Visitors will be able to see artifacts such as the bonnet she wore after establishing the community and the dancing slippers she wore as a girl. Videos and other exhibits will allow visitors to better experience the life of this important American saint in tangible ways.

“Since the past is this big, distant thing, it doesn’t always feel real,” said Scott Keefer, the archivist for the Daughters of Charity, St Louise province, who is based at the Shrine. “To correct that, to show that this was a real person, that’s a big hurdle to overcome. Hopefully this museum will help.”

Leaders with both the Sisters of Charity and the Daughters of Charity believe the museum will be an essential part of introducing Mother Seton to new audiences who are looking for a saint they can relate to despite the fact that she died 201 years ago.

“We’ve been talking for a while now about the awareness of Elizabeth Seton as saint for our time,” said Sr. Donna Geernaert of the Sisters of Charity Halifax and chair of the Seton Shrine board. “Thinking about the era in which she lived and the role of women in that time, Elizabeth really stands out as a strong woman.

“There is nothing like looking at Elizabeth’s dancing slippers to realize she was a person who loved life. More and more today we need to speak to the love of life and her commitment to faith and the care of her family and friends.”

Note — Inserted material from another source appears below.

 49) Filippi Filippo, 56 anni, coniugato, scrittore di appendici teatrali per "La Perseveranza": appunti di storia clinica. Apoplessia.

Funding for the project is coming from the $10 million “New Century of Charity” capital campaign that was launched last September by the Shrine’s National Leaders Council (NLC) and is ongoing, having surpassed its original goal of $7 million. Money raised during the campaign also will be used to support the “Seeds of Hope” retreat program for those on the margins of society and to create an “Innovation and Sustainability Fund” to support expansion of the activities at the Shrine such as its renowned living history programs and other ministries.

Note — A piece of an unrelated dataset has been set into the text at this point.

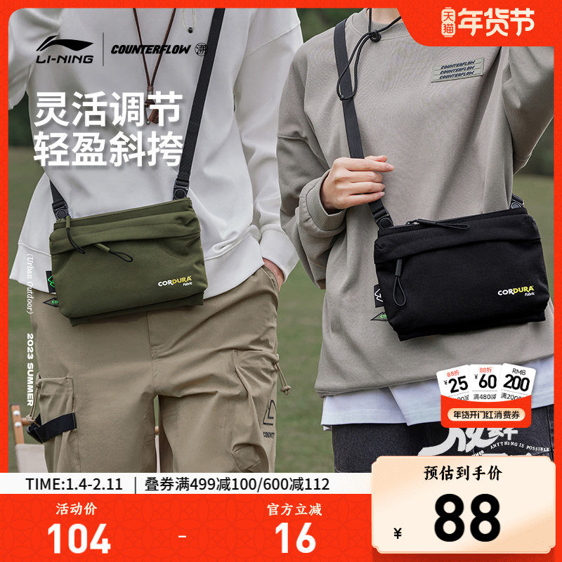 李宁CF溯放肆趣野斜挎包男士包女士包户外旅游休闲通勤学生运动包
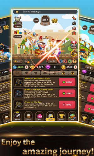 2.加入类丰富的养成系统与收集玩法,可以收集材料,制作装备、强化骑士等;

The groundbreaking of the museum came during a meeting of the NLC, a group of business leaders and benefactors with an enduring devotion to Mother Seton and the Shrine.

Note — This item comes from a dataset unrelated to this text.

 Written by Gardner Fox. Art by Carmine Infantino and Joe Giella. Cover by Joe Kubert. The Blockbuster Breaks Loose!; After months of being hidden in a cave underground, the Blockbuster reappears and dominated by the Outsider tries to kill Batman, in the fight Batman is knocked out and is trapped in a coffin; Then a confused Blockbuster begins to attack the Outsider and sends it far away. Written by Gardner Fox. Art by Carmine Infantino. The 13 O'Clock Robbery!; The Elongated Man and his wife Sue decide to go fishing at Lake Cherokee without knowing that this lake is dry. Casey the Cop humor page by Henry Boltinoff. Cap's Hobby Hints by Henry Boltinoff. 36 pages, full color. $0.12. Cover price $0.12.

“We all yearn to have a purpose-driven life and feel in the end somehow some way we’ve made a difference,” said Luci Baines Johnson, chair of the NLC.  “Elizabeth Ann Seton was an American wife, mother, and widow who fell on difficult financial times and nurtured a start-up, the Sisters of St. Joseph’s, and all those who trace their lineage back to her. She has something we can all identify with – and I do. She has been my inspiration and strength for over 50 years. To serve her mission is to give me the greatest of rewards, a purpose-driven life.

One reason that Mother Seton resonates so much today is due to the tumultuous nature of our times – when so many people have gone through periods of illness, financial turmoil and other difficulties. Mother Seton dealt with the loss of a husband, bankruptcy, shunning by family for joining the Catholic Church and then the early deaths of children and other friends. Yet, she never wavered in her faith.

“Her struggles are just as relevant today as were 200 years ago,” said Sr. Mary Catherine Norris. “The legacy of Mother Seton is she was fearless at a time when women weren’t exactly known for that. She’s a great role model whether you’re a mother, an educator, a daughter or a widow.”

The success of the fundraising campaign that will allow the Seton story to be told better is also a testament to the lives touched by the sisters who came after her and continue to care for others today, she said.

“A lot of people who contributed to campaign knew her legacy through the other sisters they’ve encountered over the years,” she said. “Many people gave because they believe in the work sisters have done and continue to do and want to be a part of it.”

As for the museum, the sisters, just like others who visit the Shrine to walk in the footsteps of a saint, are excited to experience the new, dynamic storytelling techniques when it opens next year.

“You have to meet people where they are,” said Sr. Mary Catherine Norris. “So, we have to bring her to people in the language they understand.”